§ Problem requirements: No pictures, please. Output the lines from the start of the data through the line that contains "サイト全体では施工事例やTO", both included, exactly as they stand.
(Beginning of Listed records)
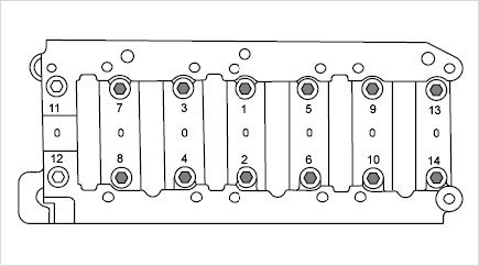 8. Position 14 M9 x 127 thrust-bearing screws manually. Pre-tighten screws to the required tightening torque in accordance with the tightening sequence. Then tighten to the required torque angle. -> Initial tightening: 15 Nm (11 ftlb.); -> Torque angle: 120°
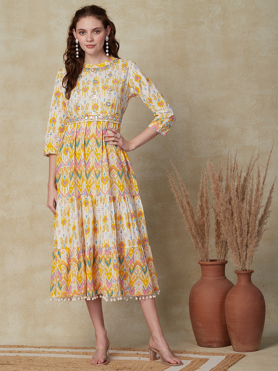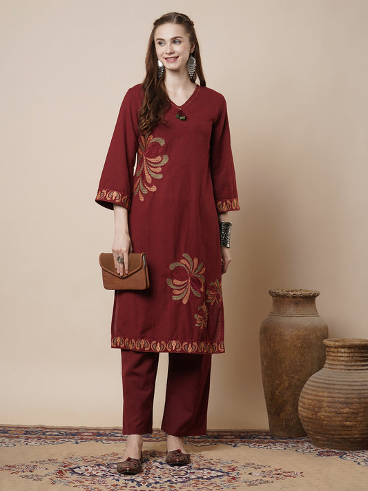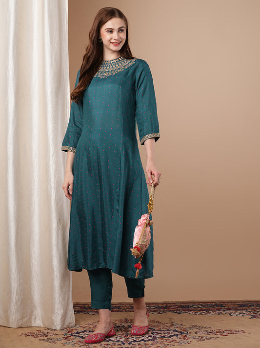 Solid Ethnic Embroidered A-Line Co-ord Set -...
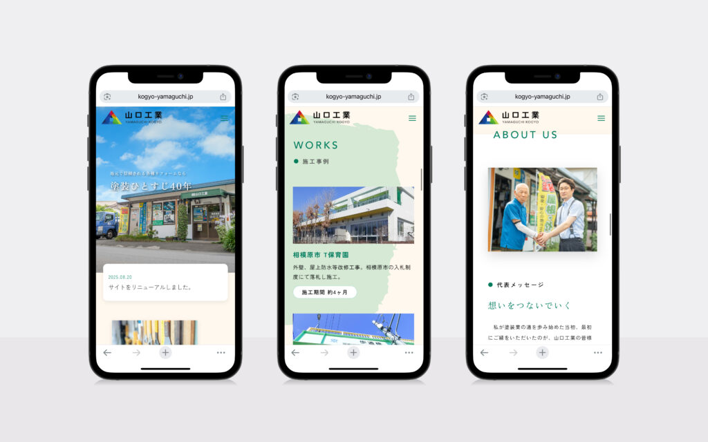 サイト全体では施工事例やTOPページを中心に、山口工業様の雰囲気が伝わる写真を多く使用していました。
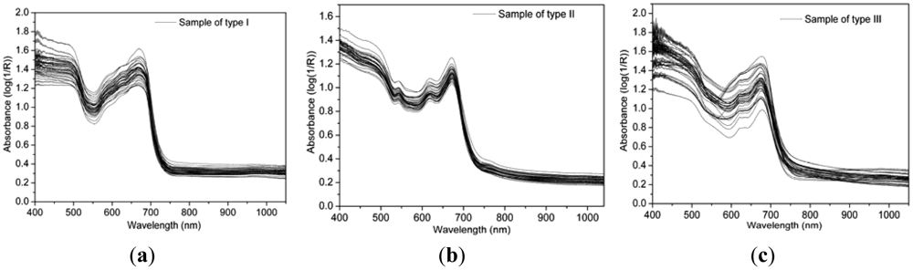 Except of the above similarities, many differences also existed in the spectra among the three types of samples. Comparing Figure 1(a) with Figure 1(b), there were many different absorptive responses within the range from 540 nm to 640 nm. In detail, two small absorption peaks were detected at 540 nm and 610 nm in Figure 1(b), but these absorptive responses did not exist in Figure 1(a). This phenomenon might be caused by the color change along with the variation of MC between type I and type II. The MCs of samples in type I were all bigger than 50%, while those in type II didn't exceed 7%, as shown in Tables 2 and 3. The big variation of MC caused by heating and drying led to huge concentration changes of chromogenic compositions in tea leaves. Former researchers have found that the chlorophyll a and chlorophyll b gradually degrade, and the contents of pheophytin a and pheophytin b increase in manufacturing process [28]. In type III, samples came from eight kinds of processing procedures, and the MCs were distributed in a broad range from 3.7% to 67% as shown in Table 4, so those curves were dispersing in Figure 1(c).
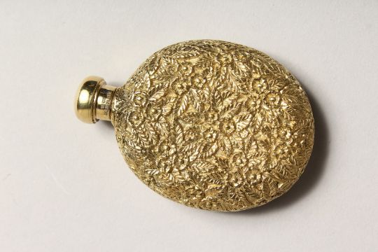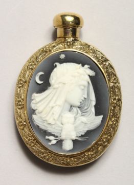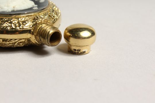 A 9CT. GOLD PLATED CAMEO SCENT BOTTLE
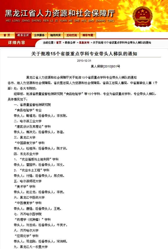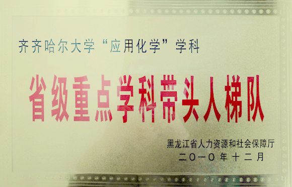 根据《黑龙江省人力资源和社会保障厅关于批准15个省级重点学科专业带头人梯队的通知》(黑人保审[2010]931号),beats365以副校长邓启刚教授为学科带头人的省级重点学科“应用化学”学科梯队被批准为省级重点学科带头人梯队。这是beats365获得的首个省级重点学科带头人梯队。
(End of Listed records)
§ Completed exercise:
 8. Position 14 M9 x 127 thrust-bearing screws manually. Pre-tighten screws to the required tightening torque in accordance with the tightening sequence. Then tighten to the required torque angle. -> Initial tightening: 15 Nm (11 ftlb.); -> Torque angle: 120°
 Solid Ethnic Embroidered A-Line Co-ord Set -...
 サイト全体では施工事例やTOPページを中心に、山口工業様の雰囲気が伝わる写真を多く使用していました。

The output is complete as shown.